In this notebook, we investigate the Gaia dataset for stellar classification. We will first perform some initial EDA on the data, and then train a LightGBM model to classify the stars.

## Some of my other work

### Notebooks

- [Butterfly Image Classification](https://www.kaggle.com/code/mcpenguin/butterfly-classification-efficientnet-87)
- [Palmer Penguin EDA](https://www.kaggle.com/code/mcpenguin/palmer-archipelago-antarctica-penguin-eda)
- [Smoking and Drinking EDA + Classification](https://www.kaggle.com/code/mcpenguin/smoking-drinking-prediction-tfdf-71)
- [World Happiness Data Cleaning + EDA](https://www.kaggle.com/code/mcpenguin/world-happiness-data-cleaning-eda)
- [Precious Metals Stocks: EDA + Forecasting](https://www.kaggle.com/code/mcpenguin/precious-metals-stocks-eda-and-prediction)
- [Red Wine Quality EDA + Prediction](https://www.kaggle.com/code/mcpenguin/red-wine-quality-prediction)

### Datasets

- [The Complete Rollercoasters Dataset](https://www.kaggle.com/datasets/mcpenguin/rollercoasters)
- [Malaysian COVID-19 Data](https://www.kaggle.com/datasets/mcpenguin/malaysia-covid19)
- [Super Mario 64 Speedruns](https://www.kaggle.com/datasets/mcpenguin/super-mario-64-speedruns)

# Import Libraries

In [None]:
import numpy as np # linear algebra
import pandas as pd # data processing, CSV file I/O (e.g. pd.read_csv)
import os
import random
from tqdm.autonotebook import tqdm

import matplotlib.pyplot as plt
import seaborn as sns

from sklearn.model_selection import train_test_split
from sklearn.preprocessing import LabelEncoder
from sklearn.metrics import classification_report, confusion_matrix

import lightgbm as lgb

# Set Global Configuration Options

It is nice to specify global configuration options at the start of the notebook, so tweaking certain parameters does not require much "scrolling" down the notebook.

In [None]:
class CONFIG:
    
    # global seed
    seed = 42
    
    # number of samples to subsample (for debugging purposes)
    # if this is None, use the full dataset
    subsample = None
    
    # number of rounds to use for our LightGBM model
    model_num_rounds = 200

In [None]:
pd.set_option('display.max_columns', None)

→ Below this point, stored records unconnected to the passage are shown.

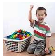
סמכו על היבואנים

"ברמת הבטיחות - אין פגיעה, כי אנחנו בודקים את סעיפי הבטיחות הקריטיים. מצד שני, השינויים הללו מאפשרים מסחר יותר קל בצעצועים. בהחלט, למכון התקנים תהיה פחות הכנסה מהבדיקות הספציפיות האלה".
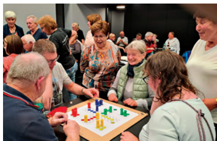
Turnaj ve hře Člověče nezlob se.

V roce 2023 naše organizace Svazu tělesně postižených připravila pro své členy opět mnoho činností. Každý měsíc se scházeli členové výboru, kdy plánovali další akce a projednávali důležité záležitosti týkající se chodu naší organizace. Nabídka činností byla velice pestrá. Každý měsíc se něco dělo. Členové mohli například navštívit divadlo v Plzni, různé jednodenní výlety, vícedenní ozdravné pobyty. Velice úspěšný byl ozdravný a poznávací pobyt v Karlových Varech v hotelu Morava. Osvědčil se i pobyt v Sezimově Ústí, kam jezdíme již několik let a kde je stále co poznávat. Ve spolupráci s MO Tachov jsme navštívili hotel Praha ve Františkových Lázních. Týdenní pobyt na Slovensku s každodenním výletem do Polska byl suprový. Protože se rádi bavíme, jezdíme na taneční odpoledne nebo večery (Holýšov, Stribro, Černošín). I doma si rádi zatančíme a pobavíme se v našem KINĚNEKINĚ. Navštěvujeme též zámky a hrady v blízkém okolí a různé akce na těchto zámcích. V dubnu
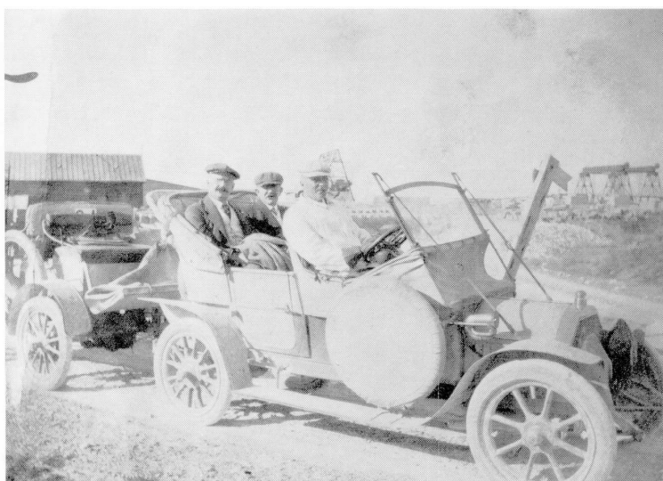
Den gule Opel med min far ved rattet.

Alle fik viklet sig ud af tæpperne og sprang af vognen - antagelig rystende af skræk -, hvorefter far ganske langsomt kørte forbi, og det viste sig så, at den eneste, som ikke var bange, - var hesten, som stod ganske roligt og fandt sig i sin skæbne, - ja man kan jo næsten tænke, at det var stor ståhej for ingenting.
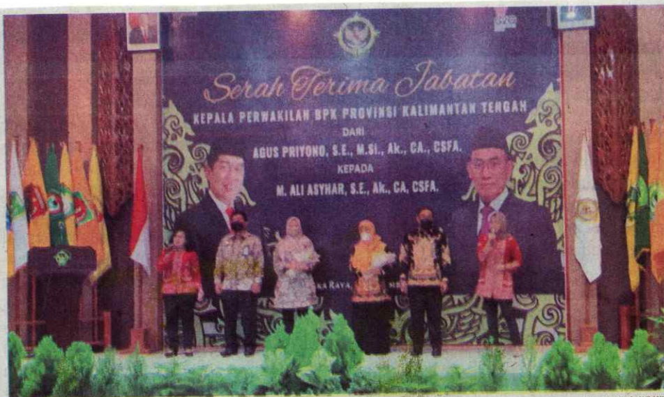
SERTIJAB- Suasana Sertijab Kepala Perwakilan BPK Provinsi Kalteng di Palangka Raya, Rabu (21/9).

"Keberadaan BPK di setiap provinsi diharapkan semakin mendekatkan objek pemeriksaan dengan kewenangan untuk melakukan pemeriksaan pengelo-
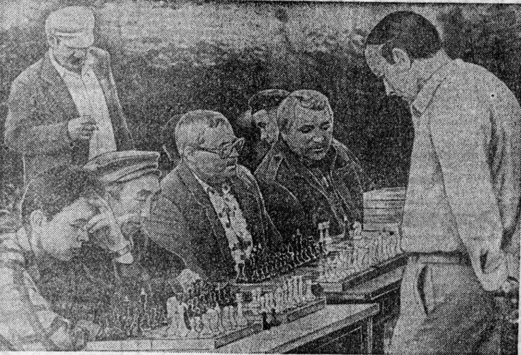
Практически все спортивные площадки Барнаула в День физкультурника были отданы в распоряжение спортсменов-любителей.

На швах одежды комаров менее всего привлекают зеленый, желтый, оранжевый.
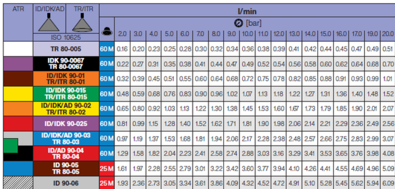
Tabela wydatków jednostkowych rozpylaczy płaskostrumieniowych i wirowych (ISO)

■ wartości dotyczą wody ■ rozpylacze zlitrażować przed każdym sezonem ■ ciśnienie mierzone przy rozpylaczu
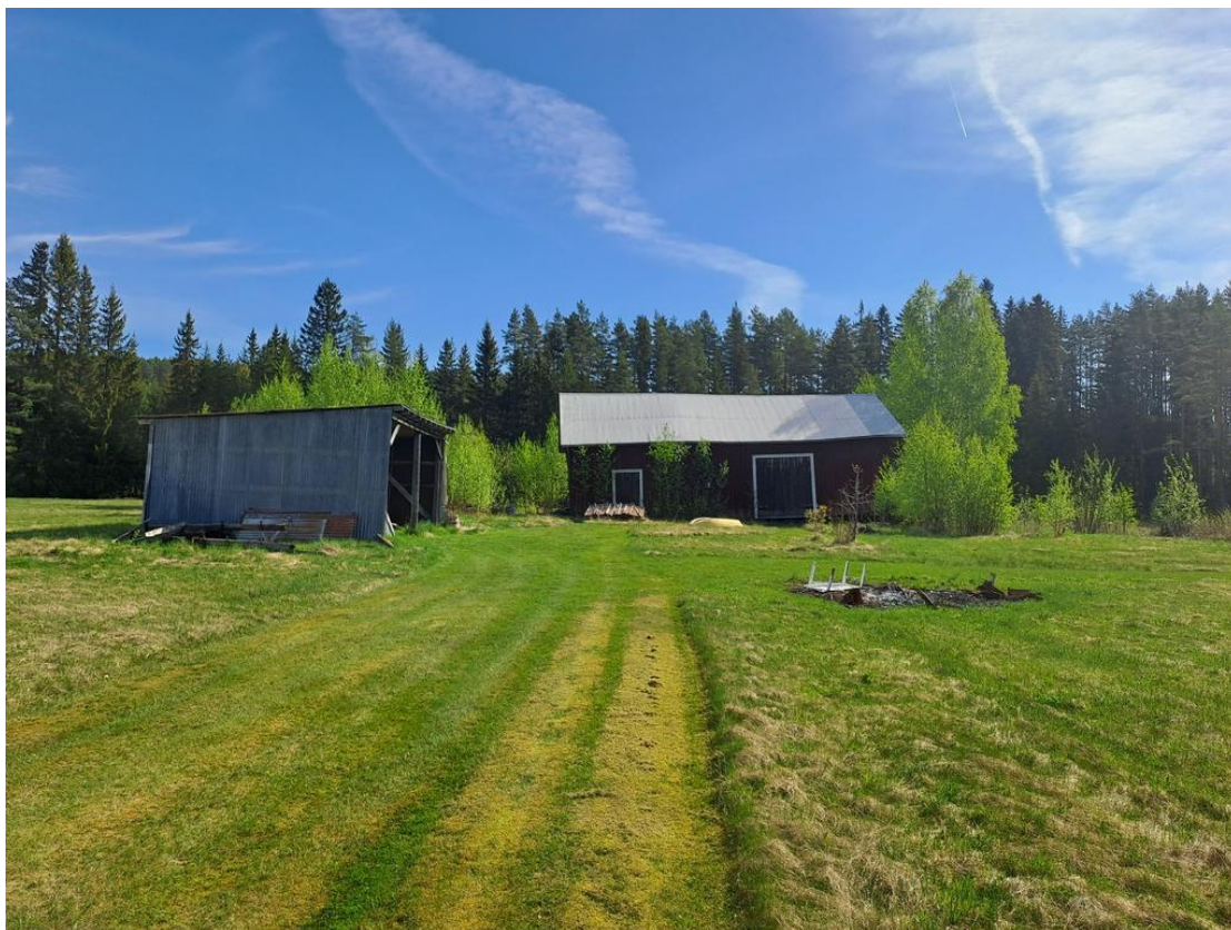
De äldre ekonomibygnaderna mot skogskanten
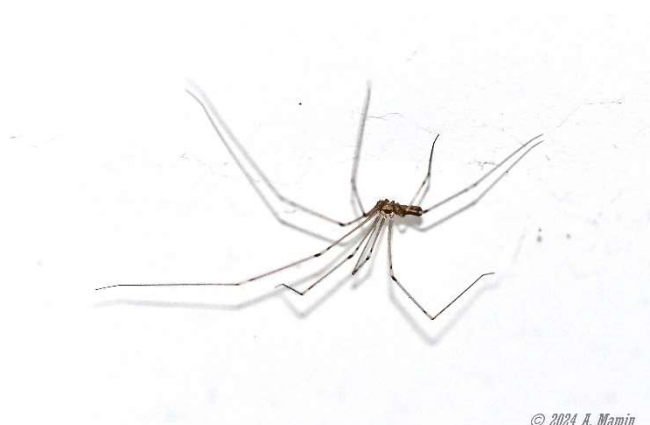
Araignée « pholque » au plafond

Les différences majeures de l'opilion avec les araignées sont :

def seed_everything(seed):
    random.seed(seed)
    np.random.seed(seed)
    
seed_everything(CONFIG.seed)

# Load Data

In [None]:
df = pd.read_csv("/kaggle/input/gaia-data-set-for-stellar-classificationdr3/dataGaia.csv")
df.head()

# Understanding the Data

## Initial Info about Data

We can first check some information about the dataset, including how many missing values there are, the shape of the data, as well as the dtypes of each of the columns.

In [None]:
df.info()

From this, we see that

- Most parameters contain no missing values. The outlier to this are `pscol`, which contains only 16k non-null values.
- The parameters are already inferred to be floats/ints.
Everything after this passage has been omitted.